Lehman Brothers Japan Inc. and Lehman Brothers Holdings Japan Inc.
filed for bankruptcy in the Tokyo District Court on Sept. 16.
Lehman Brothers Japan Inc. reported about JPY3.4 trillion
(US$33 billion) in liabilities in its petition.

Bankruptcy Creditors' Service, Inc., publishes Lehman Brothers
Bankruptcy News.  The newsletter tracks the Chapter 11 proceeding
undertaken by Lehman Brothers Holdings, Inc., and other insolvency
and bankruptcy proceedings undertaken by its affiliates.
(http://bankrupt.com/newsstand/or 215/945-7000)

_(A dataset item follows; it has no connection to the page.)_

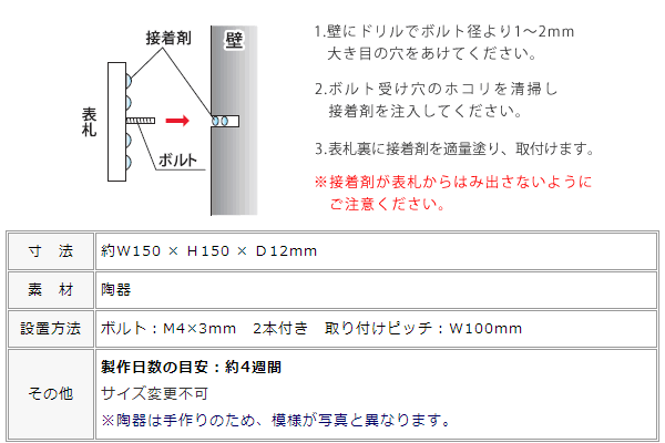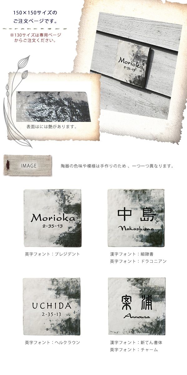 油絵のようなテイストの陶器の模様がシャビーな雰囲気を作り出す陶板の表札。 ナチュラル、レトロ、モダンと、様々な雰囲気に馴染みます。 シャビーなガーデン雑貨と相性が良く、女性目線で作られたデザイン表札なんです。 自然素材とも好相性。 ・サイズ150×150mmの商品ページです。 ・取り付けはボルトです。M4×30mm(2本)ボルトピッチW100mm ※陶器は手作りのため、一つ一つ色味や模様が異なります。 ※焼き物特有の伸縮があります。

LEWIS ROAD: Ayers & Stolte Law Firm Told to Return $74T Fees
------------------------------------------------------------
Bankruptcy Judge Kevin R. Huennekens ordered the law firm Ayers &
Stolte to disgorge $74,549 the firm received under a settlement
agreement as well as other payments received in connection with
the Lewis Road, LLC's bankruptcy case.  The Bankruptcy Court
declared that the firm had a conflict of interest having
represented both the Debtor and William H. Talley I LLC, the
holder of a $500,000 promissory note that was secured by a second
priority deed of trust lien on the Debtor's property, in
negotiations that led to the settlement.  A copy of the Court's
Dec. 12, 2011 Memorandum Opinion is available at
http://is.gd/CNAJC7from Leagle.com.

Lewis Road LLC filed a voluntary Chapter 11 petition (Bankr. E.D.
Va. Case No. 09-37672) on Nov. 20, 2009.  The Debtor's sole assets
were two adjoining parcels of real estate located at 5700 and 5690
Lewis Road in Sandston, Virginia.  The Property was leased to
Smurfit-Stone Corp.


LYONDELL CHEMICAL: 1,700 Investors Face $5.6-Bil. Clawback Suit
---------------------------------------------------------------
Carolina Bolado at Bankruptcy Law360 reports that the litigation
trustee for the creditors of Lyondell Chemical Co. targeted 1,700
investors in a suit filed Dec. 13 seeking to claw back
$5.6 billion of the $12.5 billion paid to shareholders during
Lyondell's 2007 leveraged buyout.

LyondellBasell Industries is one of the world's largest polymers,
petrochemicals and fuels companies.  Luxembourg-based Basell AF
and Lyondell Chemical Company merged operations in 2007 to form
LyondellBasell Industries, the world's third largest independent
chemical company.  LyondellBasell became saddled with debt as
part of the US$12.7 billion merger.  Len Blavatnik's Access
Industries owned the Company prior to its bankruptcy filing.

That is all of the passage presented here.